May 01, 2019, 6-7:30 PM in 234 Moses
Jamie Tappenden (University of Michigan)
Frege, Carl Snell and Romanticism; Fruitful Concepts and the ‘Organic/Mechanical’ Distinction
A surprisingly neglected figure in Frege scholarship is the man Frege describes (with praise that is very rare for Frege) as his “revered teacher”, the Jena physics and mathematics professor Carl Snell. It turns out that there is more of interest to say about Snell than can fit into one talk, so I’ll restrict attention here to just this aspect of his thought: the role of the concept of “organic”, and a contrast with “mechanical”. Snell turns out to have been a philosophical Romantic, influenced by Schelling and Goethe, and Kant’s/Critique of Judgement/. In Frege’s environment, the “organic/mechanical” contrast, understood in a distinctively Romantic fashion, had reached the status of “accepted, recognized cliché”. More generally, Frege’s environment was more saturated with what we now call ``Continental philosophy" than we might expect.
This context-setting has a payoff for our reading of Frege’s texts: many expressions and turns of phrase in Frege that have been regarded as vague, throwaway metaphors turn out to be literal references to ideas that would have been salient among the people in Frege’s environment that he spent time with day-to-day.

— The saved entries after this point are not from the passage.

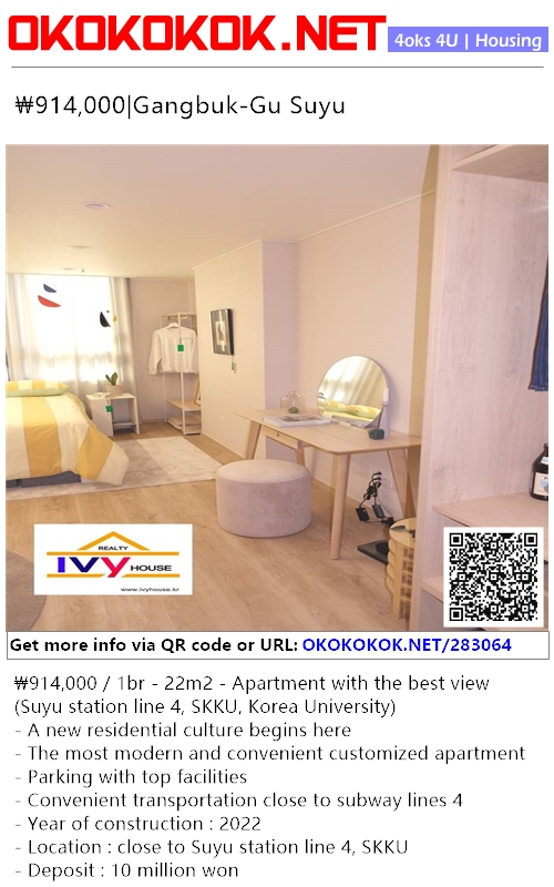 ₩914,000 / 1br - 22m2 - Apartment with the best view (Suyu station line 4, SKKU, Korea University)
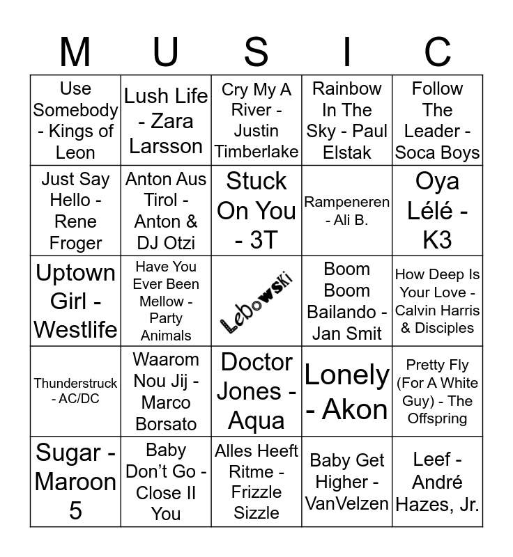 This bingo card has a free space and 24 words: Waarom Nou Jij - Marco Borsato, Baby Don’t Go - Close II You, Stuck On You - 3T, Sugar - Maroon 5, Follow The Leader - Soca Boys, Use Somebody - Kings of Leon, Just Say Hello - Rene Froger, Lush Life - Zara Larsson, Boom Boom Bailando - Jan Smit, Doctor Jones - Aqua, Rampeneren - Ali B., Uptown Girl - Westlife, Lonely - Akon, Pretty Fly (For A White Guy) - The Offspring, Anton Aus Tirol - Anton & DJ Otzi, Baby Get Higher - VanVelzen, How Deep Is Your Love - Calvin Harris & Disciples, Cry My A River - Justin Timberlake, Oya Lélé - K3, Have You Ever Been Mellow - Party Animals, Leef - André Hazes, Jr., Thunderstruck - AC/DC, Rainbow In The Sky - Paul Elstak and Alles Heeft Ritme - Frizzle Sizzle.
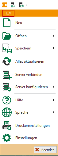 Das Hauptmenü öffnen Sie mit einem Klick auf das Kamerasymbol. Die zusätzlichen Funktionen sind:
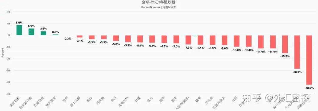 2022年是外汇市场的“超级大年”,美联储大幅加息助推美元指数创20年新高,以欧元、英镑、日元为代表的非美货币大幅贬值。2022年,美元指数上涨8.6%,欧元兑美元下跌约6.4%。
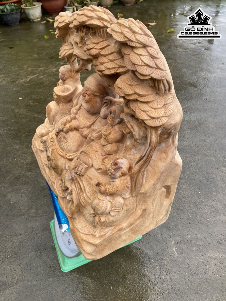 Tượng Di Lặc Ngồi Gốc Tùng Gỗ Ngọc Am Hà Giang
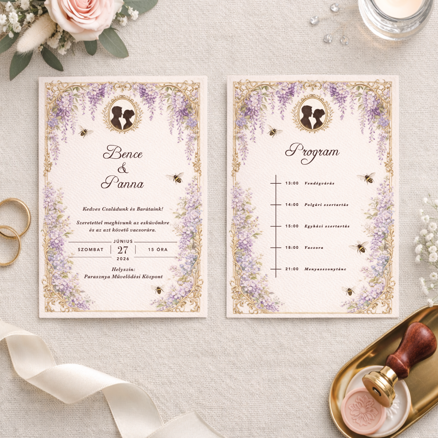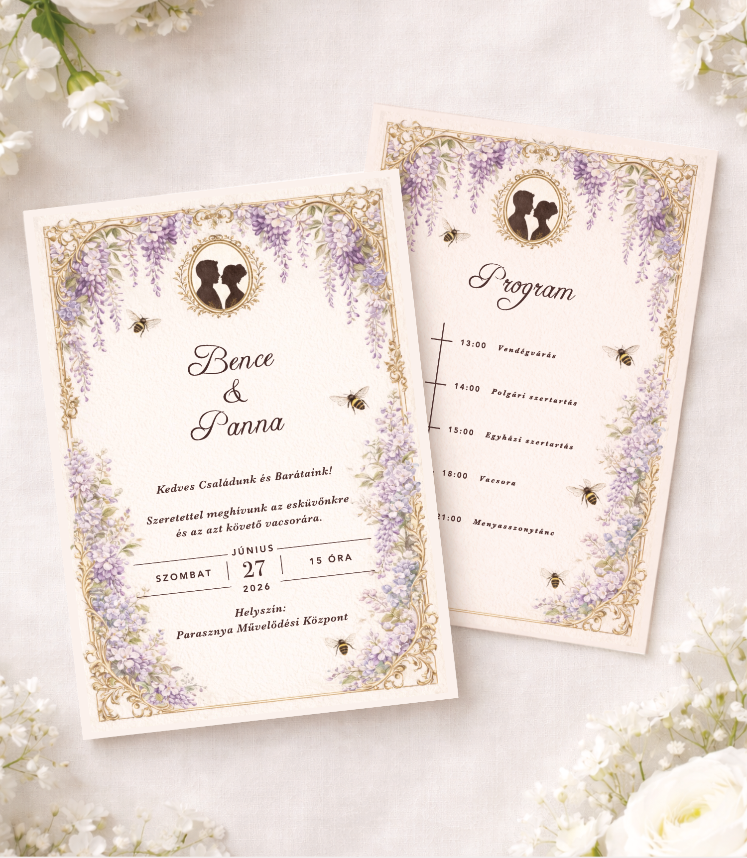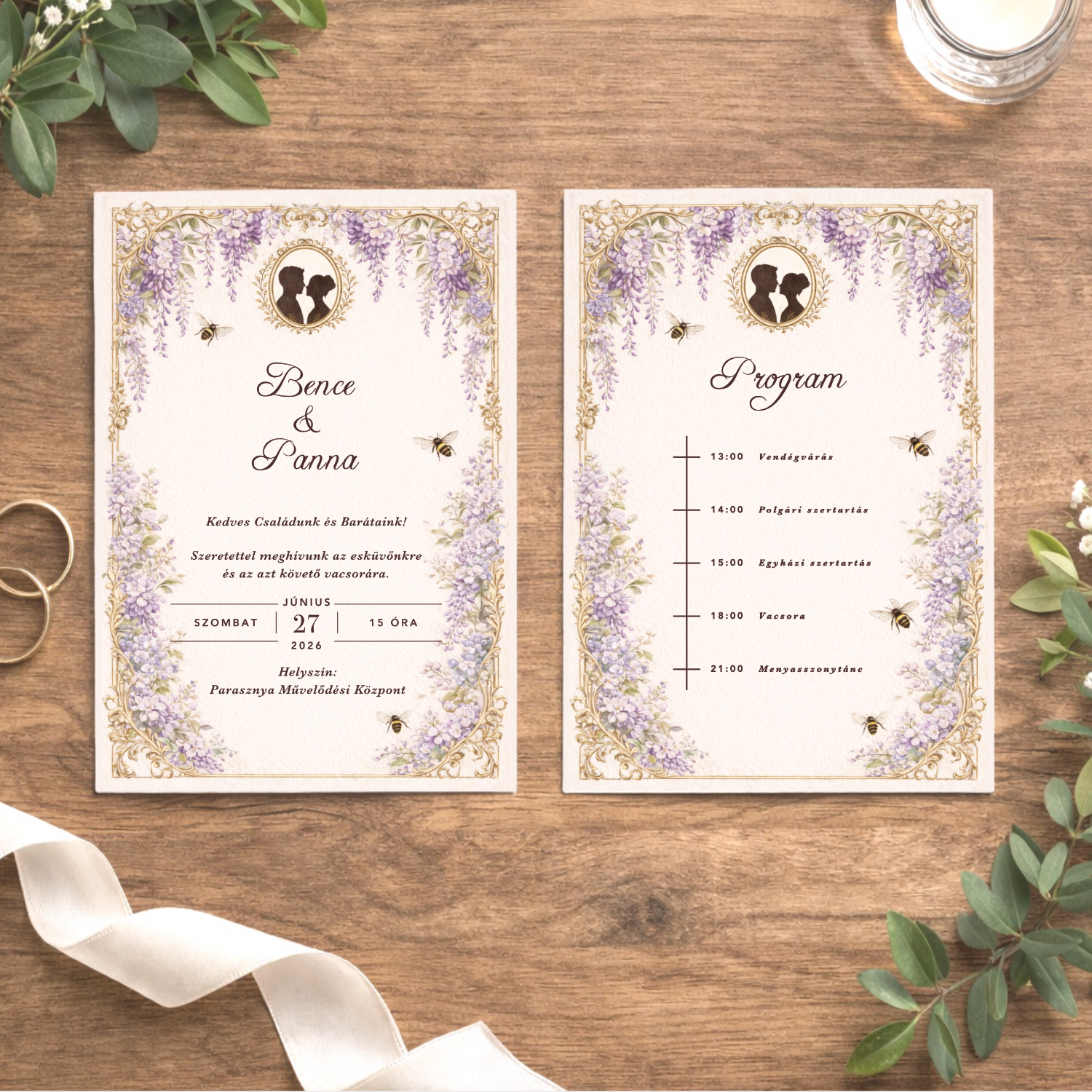 Ez az elegáns, klasszikus Regency-stílusú esküvői meghívó a 19. századi romantikus hangulatot idézi, finom díszítéssel és kifinomult tipográfiával. Tökéletes választás azoknak a pároknak, akik szeretnének elegáns, időtálló meghívót a nagy napra.
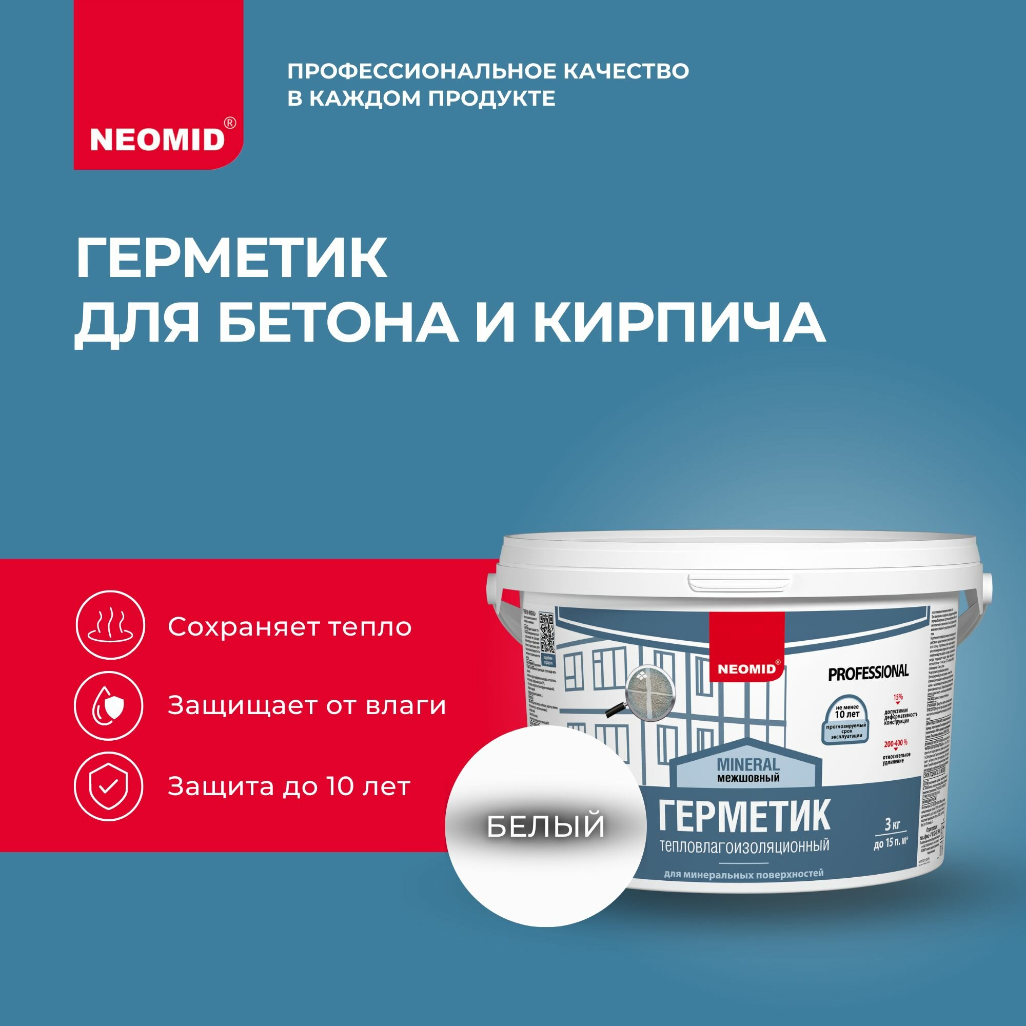 Герметик Тепловлагоизоляционный Neomid Mineral Professional 3кг Белый для Минеральных Поверхностей / Неомид Минерал.
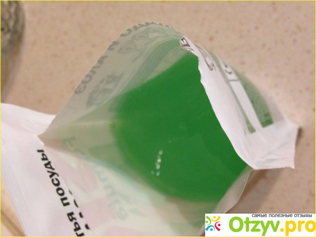 При вскрытия пакета уловила весьма приятный запах, очень свежий и похожий на натуральный аромат. используя это средство я ни разу не уловила химической нотки, хотя я очень восприимчива к посторонним запахам. Бальзам для мытья посуды и выглядит свежо и приятно.
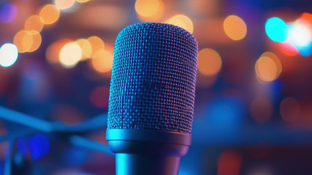 This image features a close-up view of a professional microphone, showcasing its texture and design against a backdrop of vibrant, blurred lights, ideal for creative projects.
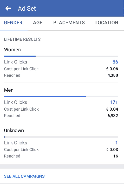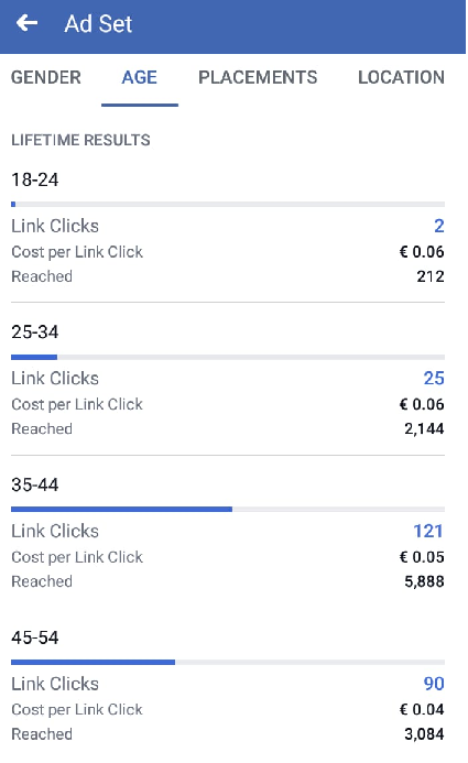 After analyzing the partial results throughout the duration of the campaign, it was possible to see how people reacted to advertising regarding their age and gender, which is why the age range was reduced to people between 34 - 54 years, and show advertising only to men, so that the ad would be shown to people who were more likely to be willing to enter the Moodle website. The following data are the final results but with this it is possible to notice the previously stated:
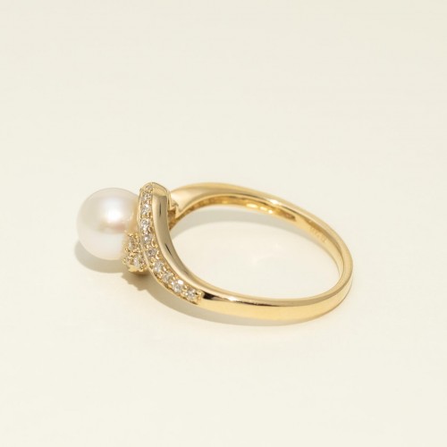 Cultured Freshwater Pearl Ring in 14kt Yellow Gold with Diamonds (1/10ct tw) CSRNG1626
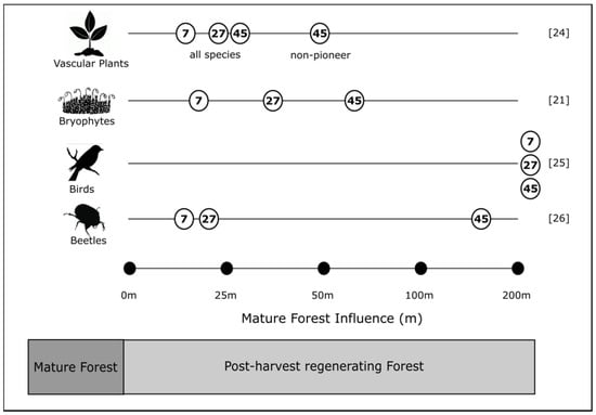 Mature Forest Influence for a suite of mature-forest-associated species in the wet eucalypt forests of Tasmania based on a series of concurrent studies in Southern Forests Tasmania [21,24,25,26]. Mature Forest Influence refers to the predicted distance from an edge into harvested forest (represented by circles) up to which community composition differs from the regeneration forest interior. There were five replicate sites of three age classes of clearcutting; ~7 year old, ~25 year old, and ~45 year old coupes. At each site, three transects of plots extended from 35 m into mature forest, across edges, to 200 m in the centres of regenerating forest in the clearcuts. Bootstrapping was used to predict the distance from edge where community composition was 95% similar to that in the clearcut centres. These distances were thus the predicted extent of mature forest influence. Datasets were: 108 vascular plant species [24], 96 bryophyte species [21], 271 ground-active beetle species [26], and 38 bird species [25].
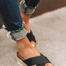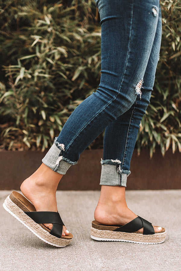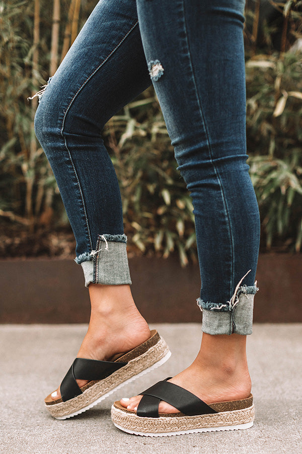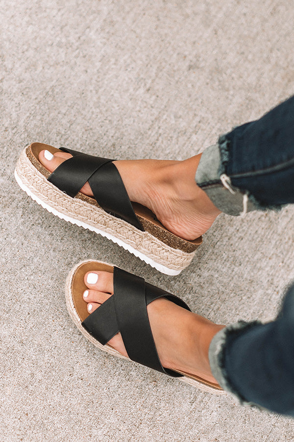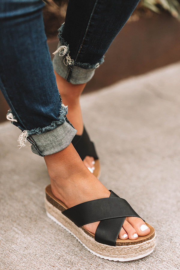 Slide into summer in style with our black"Emmy Espadrille" featuring lifted 2-inch soles with braided texturing, wide criss-crossed over-the-foot straps, and a slip on, open toe silhouette!
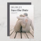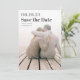 Uma tipografia moderna e limpa, salve a design de data, apresentando uma foto vertical ou orientada para o retrato de cheio com "salve a data", a data do casamento, os nomes e a localização alinhados no topo esquerdo, em caracteres clássicos. Adicione detalhes adicionais, como o site do seu casamento, às costas.

In particular, this is true of Frege’s account of “extending knowledge” via “fruitful concepts” and his rejection of the idea that logic and mathematics can be done “mechanically” (as with Jevons’ logic machines, or Fischer’s “aggregative mechanical thought”). When Frege appealed to “organic connection” and speaks of fruitful concepts as containing conclusions “like a plant in its seeds”, he would have expected these phrases to have been understood in a very specific way, as alluding to a recognized contrast between “organic” and “mechanical” connection that was applied by Snell and those close to him not only to distinctions between biological and physical reasoning but also to distinctions of types of reasoning in arithmetic and geometry.